I’m sure Tuso will come up with some more rules as we make our way around the Outer Rim. When we went up to play last night though, I looked out the Gala viewing deck where we were performing and almost pissed myself. It looks like we were traveling through hyper space as I expected but it also looked like we were flying through a nebula. If I had to guess, I would say it was the Jewel of Nal Hutta. The very same nebula in which Zelda’s strange medallion pointed us to. Now we just need to convince Jabba to let us leave the ship once we get to whatever is in the center of this astronomical gravity maze. Jas is working on it so I’m pretty sure we’ll end up getting the info that Kaz wants.

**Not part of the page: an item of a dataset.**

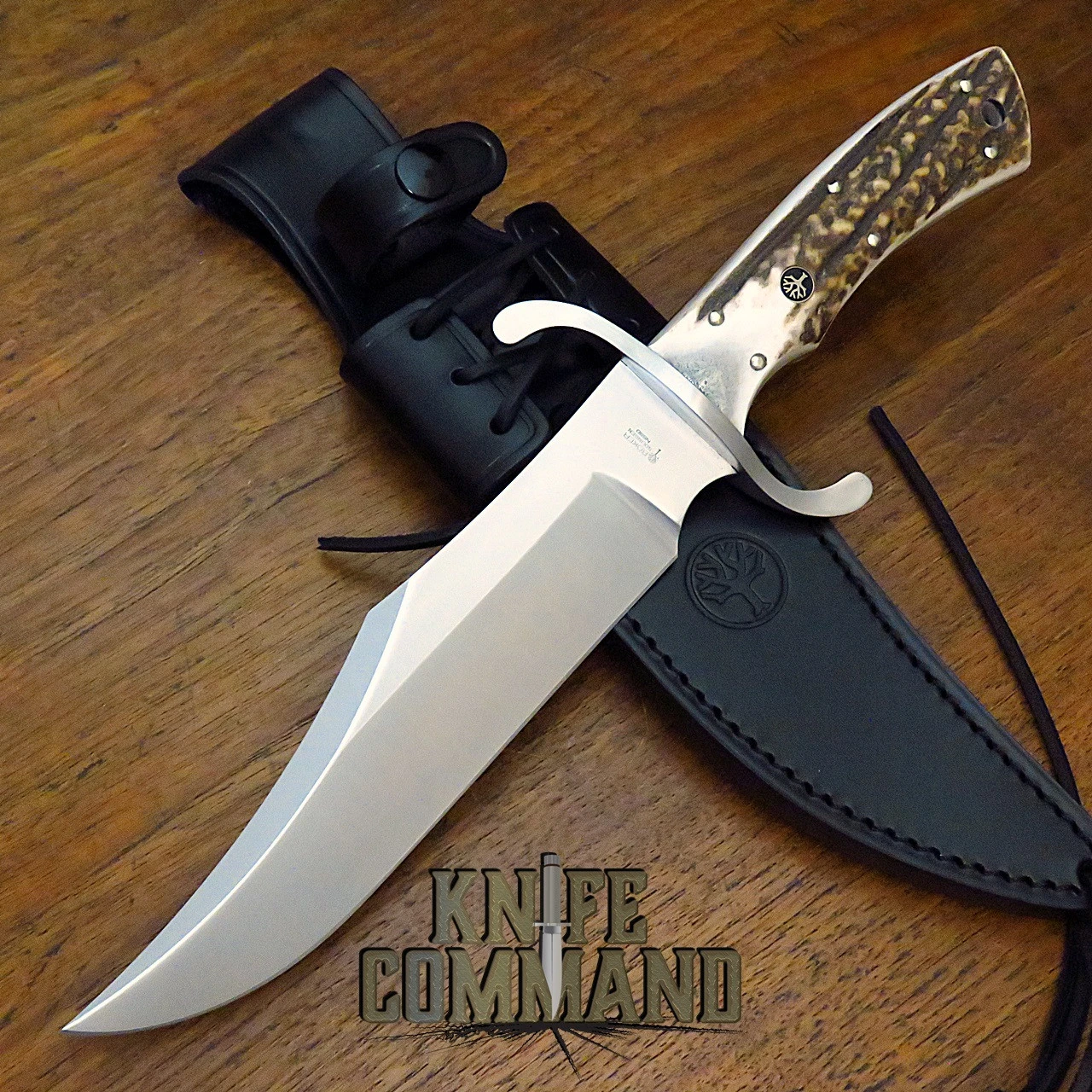The Boker Bowie measures 12-3/4″ overall and has a 7-3/4″ blade. This is a full tang knife with a 6.4 mm (1/4″) thick, N690 stainless steel blade that weighs in at 19 ounces. The blade has about 7-1/4″ of fine cutting edge and a large, sweeping bowie clip un-sharpened top edge. The handle scales are gorgeous Genuine Stag with a single finger groove design. They are held on with 6 pins and feature a lanyard hole and a Boker shield inlaid on one side. A large S-curved stainless steel double guard sets off this western style bowie. A high quality black leather sheath with leg ties is included.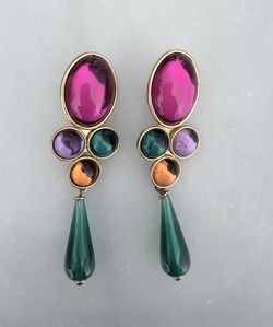 Vintage 80s Acrylic Matte Gold Dangle Cabochon Clip on Earrings Multicolor Drop$30Phoenix, AZ

The real problem is that two IT guys ended up beheaded down the hallway from us and a comm engineer has gone missing. Tuso is worthless for intel so we went down and investigated it ourselves. Security is labeling it a double homicide, but they didn’t even notice that the Twi’lek engineer was missing until we made our way into the bunk room. Blood everywhere, plus the heads were missing. Seriously! How do two guys behead each other and then hide the heads? Smells like a cover up. We went to investigate further in the Cargo Hold. Upon interrogating Beelo-Beelo, the Gungan Cargo Supervisor, we discovered that 1) Beelo is pretty sensitive about non-Gungans speaking in the Gungan dialect and 2) three carbonite crates had been thawed out. Turns out the containers held two assassin droids and Kraxis, the bounty hunter who’s been trying to kill us for weeks now! I guess that’s what you get for hiring a Gungan to be in charge of your cargo hold. Needless to say, Beelo freaked out, insulted Shorty who then in turn gut-punched him, only to have Beelo take off into the shadows of the cargo bay. I don’t think Beelo will be bothering us for now though. His head’s going to roll when Jabba finds out who let Trilock’s prize bounty hunter on board Jabba’s flag ship.
Val and R7 went to work real quick on tracking down the assassins. R7 sliced into the ship’s network and traced Praxis’ droids. Looks like he kidnapped Reela, the comms engineer, to gain access to the ship’s controls. Clever and deadly, but not clever enough. R7 overcame Kraxis’ network counter measures and we pinpointed Reela’s location. Val and Jas convinced Tuso to provide us with a strike force and we stealthed our way up to the room and took out those assassin droids holding Reela. That was a close call. One of those droids got a surface to air missile shot off and nearly killed Jas. Shorty made quick work of them once he got in there swinging his vibro ax. It’s too bad Gloomy wasn’t there to see it. I hope he gets over whatever flu he’s got. It can’t be fun hanging out in a bunk all day.
Turns out, while we were saving Reela and taking out the assassin droids, Kraxis was making a run at Greeba up in the Hutt slime bath level. Doesn’t Kraxis know that’s a red zone? He’s going to get in a lot of trouble. Perhaps Kraxis left a clue or two for us to follow up on. We will have to wait and see. For now, we’ve got to go practice our set. There’s another show coming up in a couple hours and we don’t want to suck.